The European Central Bank could start raising key interest rate to combat rising prices. To cope with inflation running at increasingly high rates, the ECB could raise key interest rate on Thursday after it has kept it for more than two years at 1%.
Maintained at the minimum level of 1% after the outbreak of the global crisis, the interest of monetary policy of the European Central Bank (ECB) could be increased this weekend. Economists are concerned by the growing level of inflation, which reached alarming proportions especially in the euro area.
In March, inflation reached 2.6% in the Euro zone countries. One of the tasks of the ECB is to ensure that the annual inflation rate does not exceed 2%. Moreover, the rise in food prices and rising energy prices (caused by global oil prices) are worrying economists who believe that inflation will continue its upward trend.
Keeping inflation under 2%
Since February, the ECB officials’ statements have indicated the likelihood that key interest rate will be increased. However, analysts expect a moderate increase, of up to 0.25 percentage points, according to the euobserver.com portal.
“We are prepared to act decisively and immediately if needed,” said Juergen Stark, member of the ECB Governing Council, quoted by Bloomberg. He stated that, in order to avoid the risk of inflation exceeding the agreed targets, “we must change the direction of the monetary policy, if needed”.
Negative impact on the peripheral countries
The key interest rate increase is not good news for all EU members. Impact felt in the peripheral countries that still face debt crisis and high unemployment rates could be negative.
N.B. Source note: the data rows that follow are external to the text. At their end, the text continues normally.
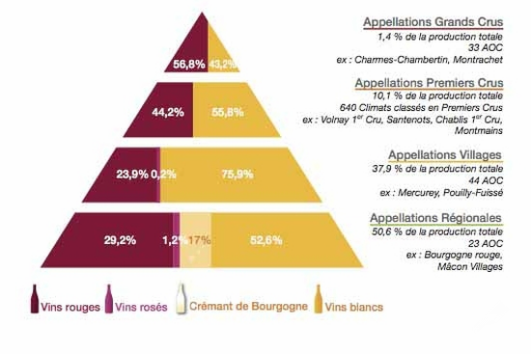 與波爾多完全不同的是,勃艮第并不是以酒莊為分級方法,而是以土地的位置為來進(jìn)行,表現(xiàn)如金字塔般垂直走向的方式,以原產(chǎn)地為命名系統(tǒng)(AOC)建立形成,井然有序的分級制度一直保存至今。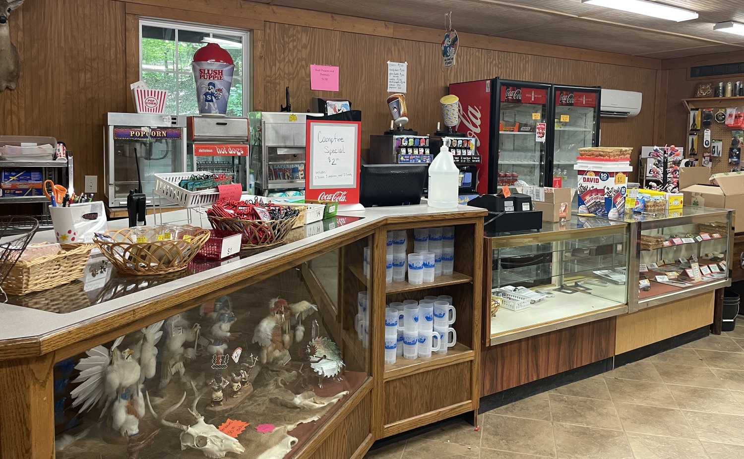 The Trading Post, also known as the Tom Caldwell Cabin, is where campers can purchase snacks and souvenirs.
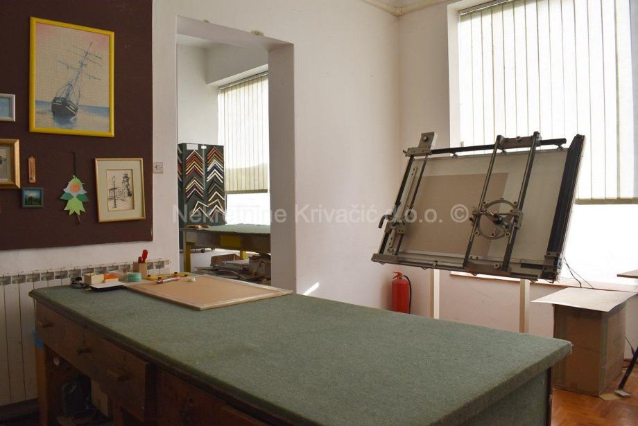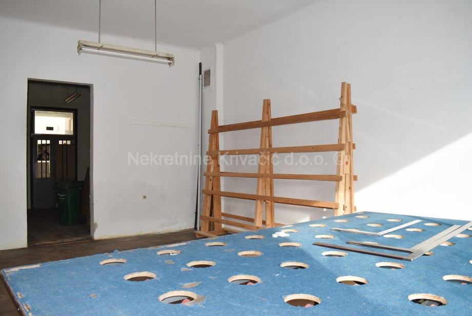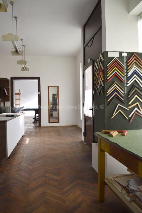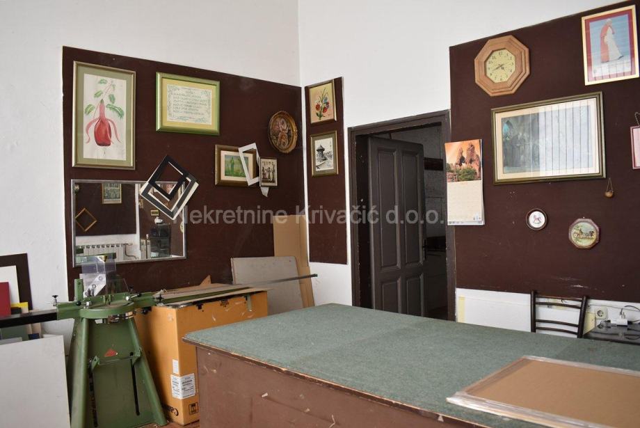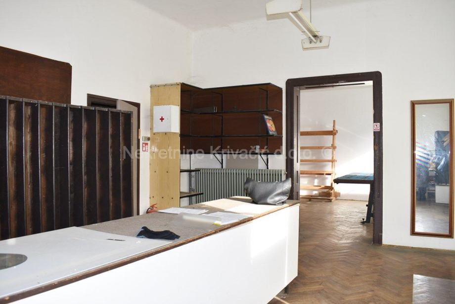 Atraktivan poslovni prostor u strogom centru grada, poznat kao bivša staklana. Ukupne stambene površine 478 m2 što čine dvije zgrade: glavna zgrada do ulice sa tri velika ulična izloga i tri velike prostorije s izlazom na ulicu. Prema dvorištu su dvije sobe, te pomoćne prostorije i sanitarni čvorovi. Ukupno 325 m2, dodatno podrum slične kvadrature ( ulaz kroz kuću). Tavan je vrlo visok i prostran kao što je uobičajeno u takvim zgradama, gdje je iskoristivost cca 200m2, također ulaz kroz kuću.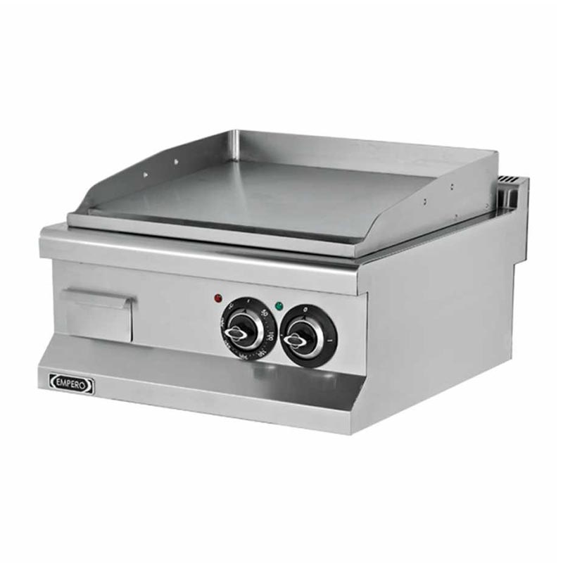 Empero Düz Pleyt Izgara, ElektrikliTermostatik kontrol.Tam modüllerde iki bölgeli ısıtma.Çıkarılabilir yağ toplama haznesi.Kolay temizlenebilir ve hijyeniktir.Paslanmaz çelik gövde.Üst tabla kalınlığı 1.2 mm, gövde 1 mm paslanmaz çelik.Limit termostatTeknik ÖzelliklerEbatları: 600x635x285 mmAğırlık: 58 kgNet: 0.17 m3Güç: 7.2 kWElektrik Girişi: 400 V. AC 3N PEKablo Kesiti: 5x2,5

In May 2009, the ECB decided to cut monetary policy interest rates to 1% to stimulate lending and investment.
A similar decision could be taken across the Atlantic Ocean, where the Federal Reserve (central bank of the United States of America) maintains the key interest rate below 1% since 2008. Now, American economists take into account the increase of this interest.
But, while the Americans argue that the decision would be correct, given that the unemployment rate reached in March, 8.8% (the lowest level in over two years), the view of analysts is that the EU’s “two-speed” economy is not yet ready for the interest increase.